The world's biggest luxury group said late Tuesday its quarterly sales rose 1% year on year to 20.98 billion euros ($22.76 billion), undershooting the 21.6 billion expected on average by analysts polled by LSEG.

At 1000 GMT, LVMH's shares were down 4.5%.

The earnings miss weighed on other luxury stocks, with Hermes (HRMS.PA), down around 2% and Kering (PRTP.PA), off 3%.

Kering is scheduled to report second-quarter sales after the market close and Hermes reports on Thursday, Reuters reported.

Jittery investors are looking for evidence that the industry will pick up from a recent slowdown, as inflation-hit shoppers hold off from splashing out on designer fashion.

JPMorgan analyst Chiara Battistini cut full year profit forecasts by 2-3% for the group, citing softer trends at LVMH's fashion and leather goods division, home to Louis Vuitton and Dior.

"The soft print is likely to add to ongoing investors’ concerns on the sector more broadly in our view, confirming that even best-in-class players like LVMH cannot be immune from the challenging backdrop," said Battistini in a note to clients.

The weakness of the yen, which has prompted a flood of Chinese shoppers to Japan seeking bargains on luxury goods, added pressure to margins, another source of concern.

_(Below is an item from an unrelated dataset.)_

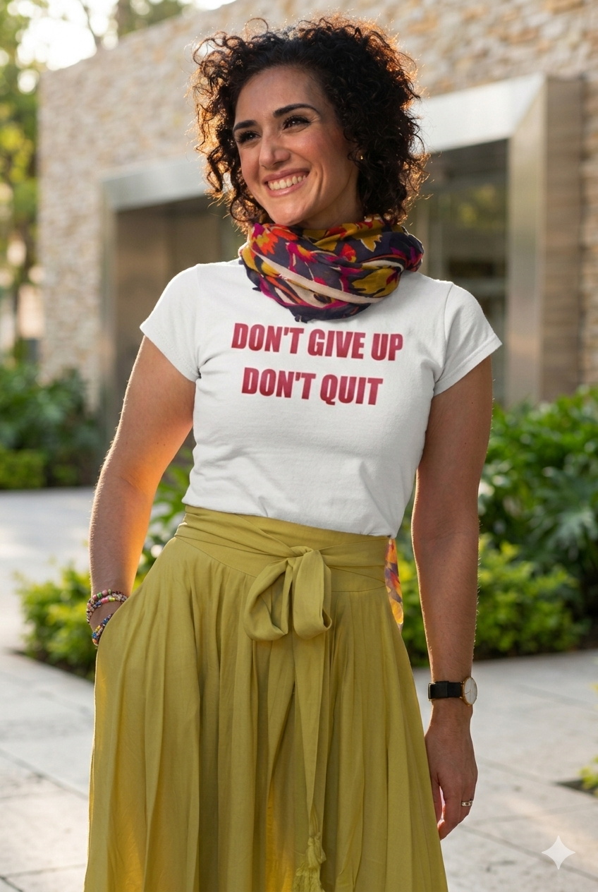 This beautiful handmade faith clothing will remind you that no matter what comes your way, do not give up or quit.

Equita cut 2024 sales estimates for LVMH by 3% - attributing 1% to currency fluctuations - and lowered its second half organic sales estimate to 7% growth from 10% growth previously.

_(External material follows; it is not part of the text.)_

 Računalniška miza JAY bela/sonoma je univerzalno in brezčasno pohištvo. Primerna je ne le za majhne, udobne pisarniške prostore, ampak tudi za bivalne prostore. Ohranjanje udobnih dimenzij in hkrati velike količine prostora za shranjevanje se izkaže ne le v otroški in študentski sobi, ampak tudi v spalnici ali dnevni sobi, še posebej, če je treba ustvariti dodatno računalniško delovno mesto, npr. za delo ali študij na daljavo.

The lack of visibility for the second half beyond the easing of comparative figures - as the Chinese post-pandemic lockdown bounce tapered off a year ago - is unlikely to improve investor sentiment to the luxury sector, Citi analyst Thomas Chauvet said in an email to clients.

"No miracle with the luxury bellwether; sector likely to remain out of favour," he wrote.

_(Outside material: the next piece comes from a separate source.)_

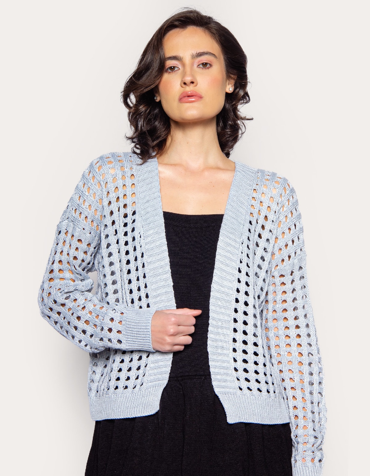 Cardigan confeccionado em tricot com trama aberta tipo tela. a peça possui mangas longas com punhos canelados, caimento reto, sem forro e acabamento canelado. por aqui, nossas peças não se limitam as baixas temperaturas. pelo contrário, com elas você multiplica seu visual e ainda desfila por aí com estilo de sobra, sem se preocupar!
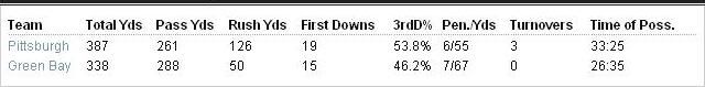 Бен Ротлисбергер славился своей сильной игрой в самых ответственных и важных матчах, и победы в двух Супер Боулах 2005 и 2008 являются самым ярким доказательством этому. Но в этот вечер всё шло не по сценарию Биг Бена. Ротлисбергер выглядел каким-то разобранным, но тем не менее ему почти удалось сделать камбэк. Менее чем за минуту до конца второй четверти Бен бросил первый тачдаун в матче на Хайнеса Уорда и команды ушли на большой перерыв при счете 10-21 в пользу "Пэкерс". После перерыва Рашад Менденхолл поддержал погоню за соперником, совершив тачдаун. Однако, Менденхоллу суждено было стать одним из антигероев этого матча, в результате столкновения с лайнбекером "Пэкерс" Клэем Мэтьюсом, Менденхолл выпустил мяч из рук и ещё один лайнбекер "Грин Бэй" Десмонд Бишоп подобрал фамбл. Это был один из ключевых моментов встречи.

Jefferies analysts said the miss came as investors eye Chinese shoppers for their potential to "resume their pre-COVID role as the locomotive of industry growth and debate when Western consumers will have fully digested their COVID overspend".

LVMH shares have been volatile since the luxury slowdown emerged, and are down about 20% over the past year, with middle-class shoppers in China, the world's No. 2 economy, a key focus as they rein in purchases at home amid a property slump and job insecurity.

LVMH offered some reassurance, with finance chief Jean-Jacques Guiony telling analysts during a call on Tuesday that Chinese customers were "holding up quite well," while business with US and European customers was "slightly better".